| INSTRUCTIONS TO FOLLOW |
Skipping all pictures, set down the lines of the listing from the first through the one with "(재)영주문화관광재단(이사장 장욱현)에서는 6월".

| AVAILABLE DATA |
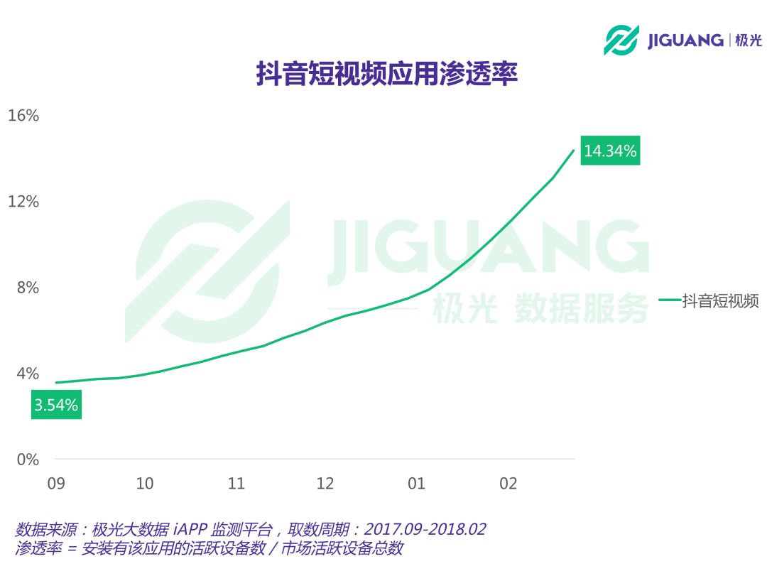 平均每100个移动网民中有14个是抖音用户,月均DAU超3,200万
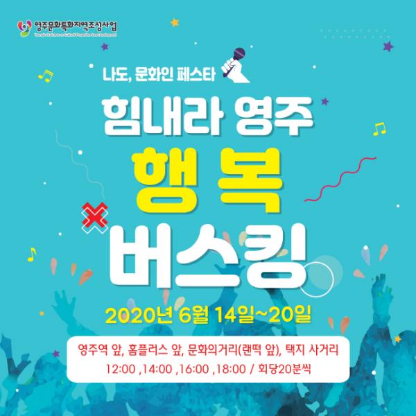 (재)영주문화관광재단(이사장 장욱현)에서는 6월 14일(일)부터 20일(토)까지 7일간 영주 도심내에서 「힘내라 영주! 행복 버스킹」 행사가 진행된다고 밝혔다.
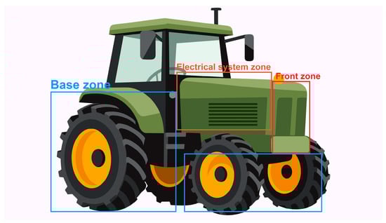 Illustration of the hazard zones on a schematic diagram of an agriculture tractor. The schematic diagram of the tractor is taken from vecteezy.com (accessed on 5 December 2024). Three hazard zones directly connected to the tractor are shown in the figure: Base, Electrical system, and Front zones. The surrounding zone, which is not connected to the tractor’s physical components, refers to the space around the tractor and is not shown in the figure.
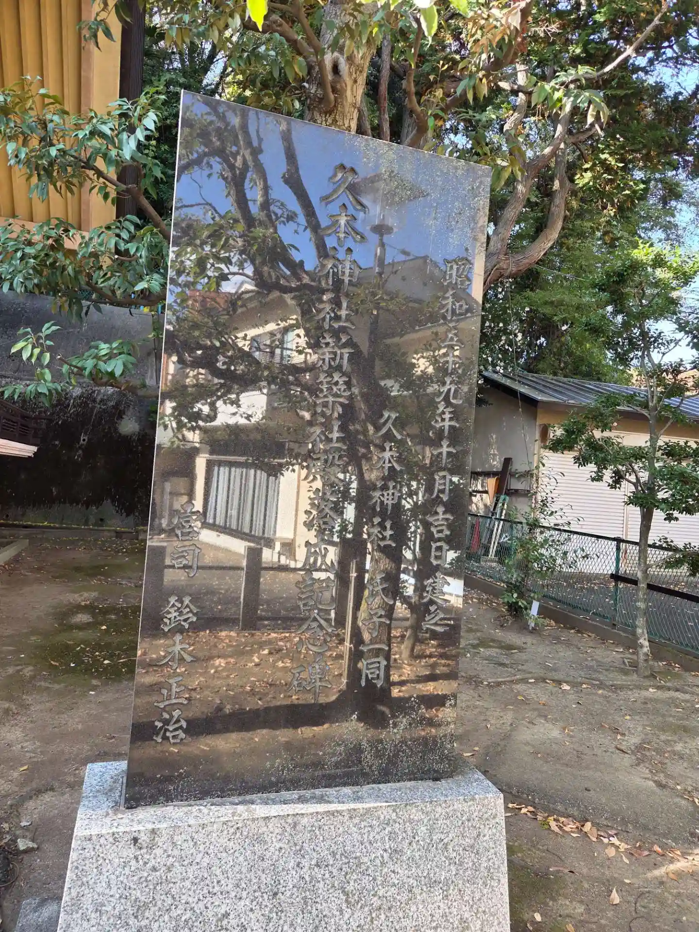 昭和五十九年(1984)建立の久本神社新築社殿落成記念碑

| SOLUTION TO THIS EXERCISE |
 平均每100个移动网民中有14个是抖音用户,月均DAU超3,200万
 (재)영주문화관광재단(이사장 장욱현)에서는 6월 14일(일)부터 20일(토)까지 7일간 영주 도심내에서 「힘내라 영주! 행복 버스킹」 행사가 진행된다고 밝혔다.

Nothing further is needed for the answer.